# Dataset extract
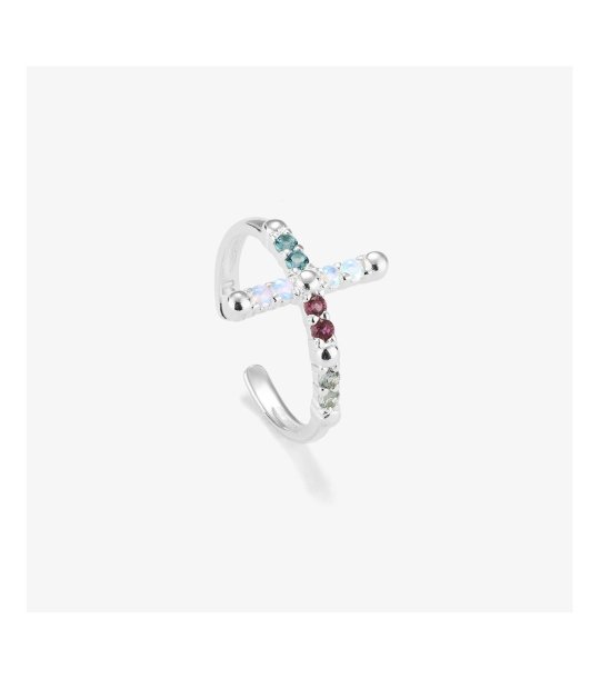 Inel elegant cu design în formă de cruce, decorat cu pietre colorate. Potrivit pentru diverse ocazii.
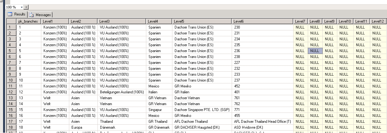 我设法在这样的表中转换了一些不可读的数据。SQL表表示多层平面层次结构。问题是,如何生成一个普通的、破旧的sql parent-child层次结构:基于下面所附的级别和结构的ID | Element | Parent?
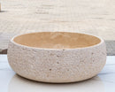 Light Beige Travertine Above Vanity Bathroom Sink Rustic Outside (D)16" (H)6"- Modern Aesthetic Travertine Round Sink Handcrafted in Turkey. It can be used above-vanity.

# What you should do
Would you restate, word for word, the lines from the one holding "Element | Parent?" through the end of the material above? Omit the pictures.

# Expected answer
 我设法在这样的表中转换了一些不可读的数据。SQL表表示多层平面层次结构。问题是,如何生成一个普通的、破旧的sql parent-child层次结构:基于下面所附的级别和结构的ID | Element | Parent?
 Light Beige Travertine Above Vanity Bathroom Sink Rustic Outside (D)16" (H)6"- Modern Aesthetic Travertine Round Sink Handcrafted in Turkey. It can be used above-vanity.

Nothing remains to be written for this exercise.